Why is the GMA being paid a service charge for services ostensibly being provided by the GSA to ship owners and their agents?
Clearly, a compromise may have been reached between the GSA and GMA, both of whom may be claiming regulatory oversight over shipping companies or lines.
That apparent compromise over maritime turf control may very well have compromised the authority of both the GSA and the GMA in this matter.
The shippers who petitioned the Minister of Transport instead of seeking the enforcement of GSA Regulations, may have made that choice because they lacked confidence in the GSA’s capacity to enforce the law against the ship owners and their agents from whom the GSA is enjoying levies.
The Minister’s circumvention of the GSA law and choice of the GMA as regulator may also have been informed by similar concerns; the GSA could not possibly be expected to impartially enforce the law or regulate ship owners and their agents from whom the GSA was benefiting financially.

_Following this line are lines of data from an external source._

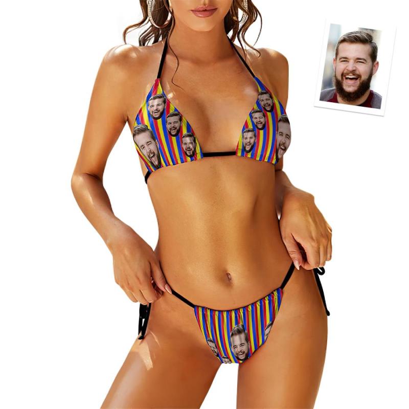 Custom Face Swimming Suit Sexy Strappy Bikini Rainbow Stripes
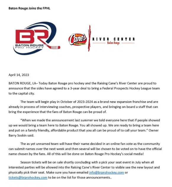 Professional Hockey Returns to Baton Rouge in Late 2023
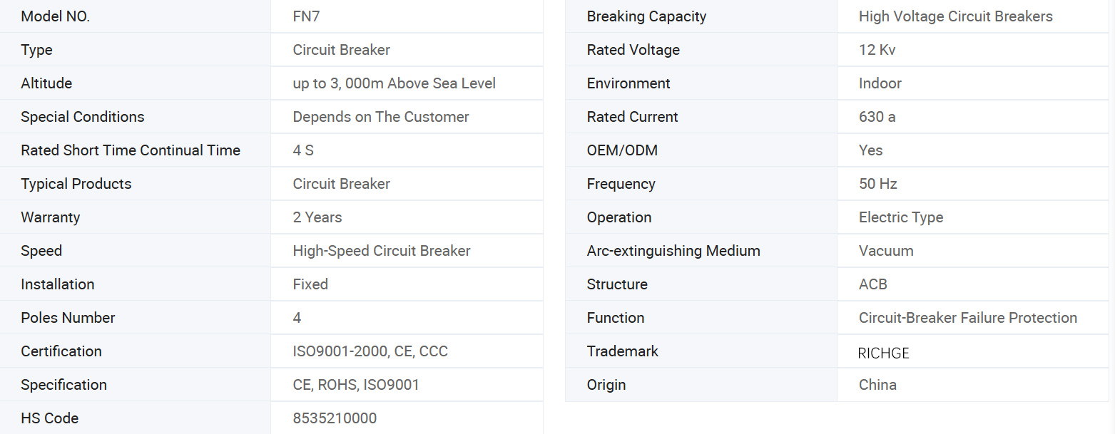 سوئیچ بار فشار قوی FN7-12 AC نوع جدیدی از سوئیچ بار فشار قوی داخلی داخلی است که گاز تولید می کند. برای سیستم های برق متناوب سه فاز با AC 50 هرتز و ولتاژ نامی 12 کیلو ولت مناسب است. برای قطع جریان بار و بستن جریان اتصال کوتاه استفاده می شود.

But the position of the GMA is no better in that regard. It is difficult to see how the GMA could regulate effectively shipping line charges when it is receiving enormous amounts from the ship owners by way of its entitlement to the levies charged ship owners under the GSA Regulations for literally no corresponding work done.
Clearly, the Minister having been placed between a rock and a hard place, chose the hard place.
But in making that choice he appears to be circumventing his own law.
Better to subject the law to judicial review in order to obtain clarity and achieve certainty of outcome in the application of the law.
The author, Stanley R. K. Ahorlu is a maritime lawyer and entrepreneur with business interests in the maritime sector.
He is the Founding Partner of Amitlaw Consult, a firm providing maritime and international trade advisory in Tema, Ghana.